The gas circulation is caused ixi in this case that one leg of the gas circulation system through the middle part of the separator is performed, where the circulating auxiliary gas is heated for circulation purposes and at the same time the contents of the separator are cooled. Die, the circulating auxiliary gas through the separator supplied heat is the auxiliary gas before its entry into the absorber by a Cooling jacket 29 withdrawn again on a descending branch of the gas circulation system. This cooling jacket is connected to the usual cooling device 2o: the separator and 16 des Absorbers connected in any way.

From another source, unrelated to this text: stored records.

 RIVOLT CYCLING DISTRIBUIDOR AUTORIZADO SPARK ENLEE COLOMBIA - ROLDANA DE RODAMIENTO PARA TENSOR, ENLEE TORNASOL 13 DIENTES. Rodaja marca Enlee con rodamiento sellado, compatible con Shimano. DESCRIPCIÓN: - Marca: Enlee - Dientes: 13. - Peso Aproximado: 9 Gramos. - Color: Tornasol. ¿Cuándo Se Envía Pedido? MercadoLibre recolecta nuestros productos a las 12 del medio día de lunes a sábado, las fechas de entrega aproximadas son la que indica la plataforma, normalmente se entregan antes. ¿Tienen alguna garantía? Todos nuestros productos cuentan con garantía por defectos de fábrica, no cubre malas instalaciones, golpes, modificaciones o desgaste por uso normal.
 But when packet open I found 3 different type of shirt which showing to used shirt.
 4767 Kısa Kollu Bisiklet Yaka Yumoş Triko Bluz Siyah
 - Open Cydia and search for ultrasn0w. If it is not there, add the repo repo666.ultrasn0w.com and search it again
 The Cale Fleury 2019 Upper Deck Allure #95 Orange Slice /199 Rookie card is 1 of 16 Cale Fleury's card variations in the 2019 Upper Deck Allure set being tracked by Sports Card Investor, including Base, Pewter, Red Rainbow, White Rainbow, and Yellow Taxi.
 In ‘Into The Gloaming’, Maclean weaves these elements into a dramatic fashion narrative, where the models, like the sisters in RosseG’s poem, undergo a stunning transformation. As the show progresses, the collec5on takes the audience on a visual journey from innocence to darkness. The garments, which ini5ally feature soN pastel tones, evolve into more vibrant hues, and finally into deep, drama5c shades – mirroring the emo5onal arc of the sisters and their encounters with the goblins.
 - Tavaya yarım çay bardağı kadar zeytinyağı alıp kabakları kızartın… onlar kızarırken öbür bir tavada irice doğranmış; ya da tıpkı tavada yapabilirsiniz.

The vent line 14 for the. The upper separator part and the conveying vessel 13 are expediently guided into the resorber 27 in this case. In this case, the uppermost part of the conveying vessel 13 does not need to be cooled in order to force the condensation of the conveying vapors, but instead feeds these conveying vapors through line 14 to the resorber 27, where they are still absorbed by the rich solution coming from the absorber will. This embodiment has the advantage that it can work at low pressures even with poor coolants, which is particularly advantageous in the case of air-cooled apparatus. It is assumed, for example, that the apparatus operates at 5 kg pressure and the coolant can only bring the temperature of the absorber and resorber to 45 ° C. If the enriched solution enters the evaporator with a concentration of 40% ammonia and leaves the evaporator with a concentration of 20%, it is assumed that the solution coming from the evaporator also enters the separator with 20% and at the bottom of the separator the temperature in the uppermost end of the separator 97 ° and at the bottom of the separator 1 5 becomes almost pure water, i ° C. Under these conditions, the latent heat of vaporization is about 370 cal. per kilogram of evaporated refrigerant in the evaporator and the latent heat of vaporization in the uppermost part of the separator at 97 ° C only 33o cal. per kilogram of steam.

Claims (7)

PATENT CLAIMS: i. Procedure for the operation of absorption chillers, in which refrigerant and absorbent vapors are produced by heating the separator (cooker) are separated by cooling and rectification, characterized in that the The liquid column standing in the separator is heated in the lower part of the separator and in the upper part of the separator for the purpose of rectifying the vapors generated in the lower part is cooled. 2. absorption chiller for the method according to claim i, characterized characterized in that the rich solution from the absorber supplying line in an im separator standing column of liquid opens, the lower end of which is heated and the upper end of which is cooled. 3. absorption refrigeration apparatus according to claim 2, characterized in that that the mouth of the line coming from the absorber into the separator vessel at one Point of the temperature at which the concentration of the absorber coming solution equal to or approximately equal to the concentration in the separator contained liquid is. q .. Absorption chiller working with pressure-equalizing gas according to claim 2, characterized in that the upper cooled part of the separator vented through a line after the circulation system of the pressure equalizing gas is. 5. absorption refrigeration apparatus according to claim 2, characterized in that the upper cooled part of the separator is in gas communication with a pumping chamber. 6. absorption refrigerating apparatus according to A nspruch 5, characterized in that the pump chamber of the apparatus is conveyed into the into solution by gas, communicates with the cooling device of the separator in heat-conducting connection. 7. Absorption chiller according to claim 6 with devices which operate according to the resorption system, thereby characterized in that the conveying gas of the pump is fed to the resorber. B. Absorption chiller according to claim 2, characterized in that the cross-section of the Column of liquid in her upper. Part opposite her lower. Part reduced is. G. Absorption refrigerator according to claim 2, characterized in that the Separator contains shot, glass beads or other material in its interior that Reduced convection currents in the separator.